Eigentlich war es kaum zu glauben. Als vor etwa einem Jahr die Initiative für eine gentechnikfreie schweizer Landwirtschaft kurz vor der entscheidenden Abstimmung stand, hatten die Protagonisten der Gentechnik noch einmal alle ihre Ressourcen aktiviert und insbesondere Forscherinnen und Forscher bemüht, sich in der Öffentlichkeit für den Einsatz der Gentechnologie in der Landwirtschaft stark zu machen. Genützt hat es nichts. Die UnterstützerInnen der Initiative trugen am Tag der Entscheidung, dem 27. November 2005, einen fulminanten Gewinn nach Hause - noch nie zuvor war in dem Alpenstaat eine Volksinitiative in allen Kantonen angenommen worden.

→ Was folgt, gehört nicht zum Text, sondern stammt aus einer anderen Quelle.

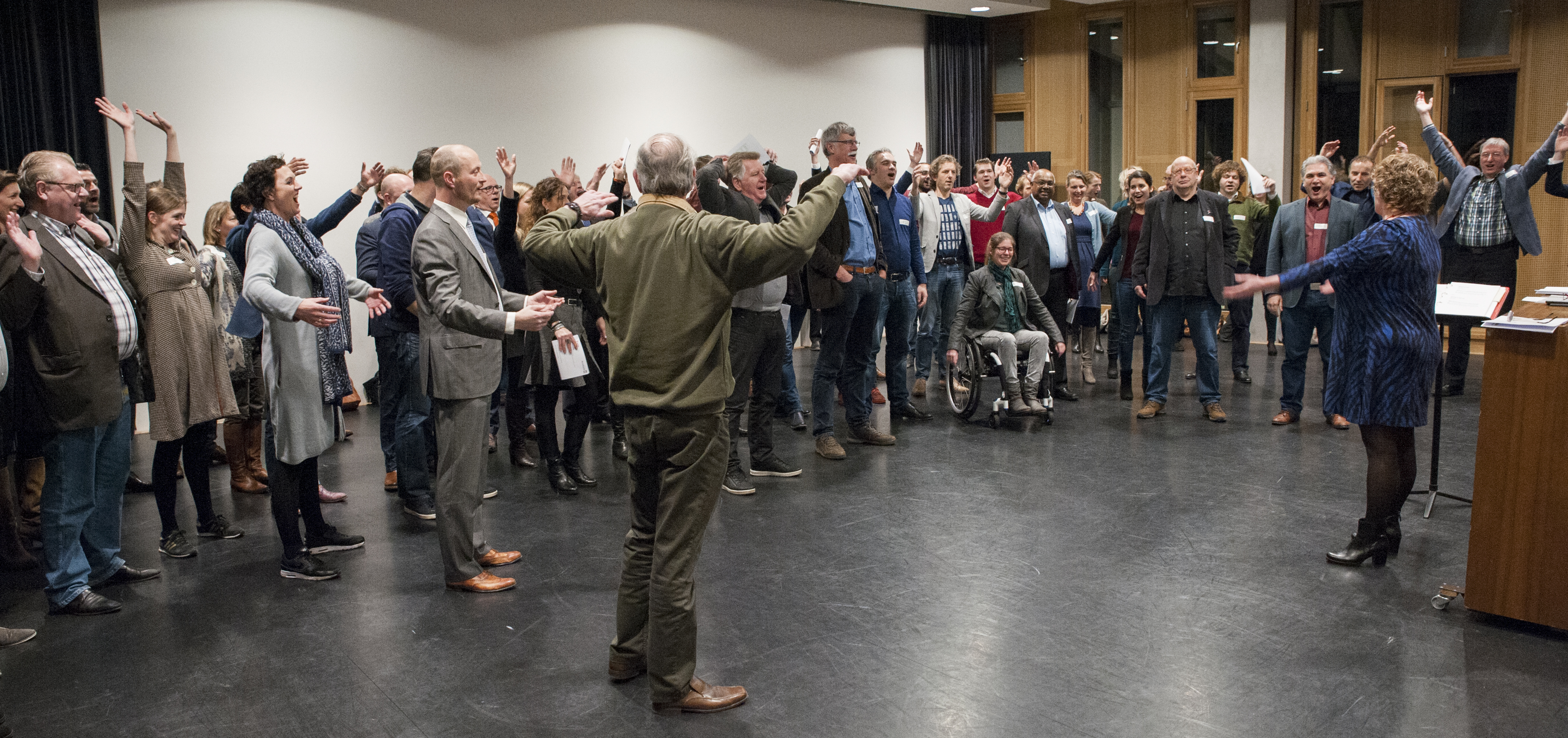 In 2017 hadden de gemeenteraden Arnhem en Nijmegen een studiedag. Aan mij de vraag om de bijeenkomst te openen met een Meet & Sing workshop om eerst de boel wat op te schudden.

Das ist auch vor dem Hintergrund zu sehen, dass seit Einführung des Initiativrechts 1981 überhaupt erst 15 Initiativen angenommen wurden. Zum Teil werden Initiativen aber auch ohne Hoffnung auf eine Annahme lanciert, um ein Thema neu in die politischen Debatte der Schweiz einzuführen. Dies genügte den InitiatorInnen der Gentechfrei-Initiative nicht: Sie setzten auf Sieg - mit Erfolg. Somit ist der kommerzielle Einsatz der Gentechnik in der schweizer Landwirtschaft bis 2010 untersagt.

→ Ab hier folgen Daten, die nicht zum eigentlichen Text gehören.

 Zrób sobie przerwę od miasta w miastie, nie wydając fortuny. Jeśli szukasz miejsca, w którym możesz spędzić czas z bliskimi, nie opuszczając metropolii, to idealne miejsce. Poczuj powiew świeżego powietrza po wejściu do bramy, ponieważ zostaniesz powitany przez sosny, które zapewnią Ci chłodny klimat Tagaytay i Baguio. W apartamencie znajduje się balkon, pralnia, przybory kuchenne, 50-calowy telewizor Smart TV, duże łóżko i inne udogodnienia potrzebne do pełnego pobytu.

Geltungsbereich der Initiative
Die Schweizerische Arbeitsgruppe Gentechnologie (SAG), die auch die organisatorische Verantwortung für die Initiative getragen hatte, begann praktisch unmittelbar nach der Abstimmung damit, diese mit Inhalten zu füllen. Und es kam, wie kommen musste: Zunächst einmal gab es Streit über die Tragweite des Moratoriums: Während die SAG der festen Überzeugung ist, dass die Initiative sich auf alle vermehrungsfähigen gentechnisch veränderten Organismen (GVO) bezieht, und somit auch - zum Beispiel - importierte Sojabohnen umfassen muss, hatte Bundesrat Pascal Couchepin bereits im Verlauf der Initiative seine Sicht der Dinge dargelegt: Das Moratorium betrifft seiner Einschätzung nach nur den Anbau von GVO. Er macht damit deutlich, dass er nichts von der Lesart hält, das Moratorium sei zum Schutz der gentechnikfreien Produktion gedacht.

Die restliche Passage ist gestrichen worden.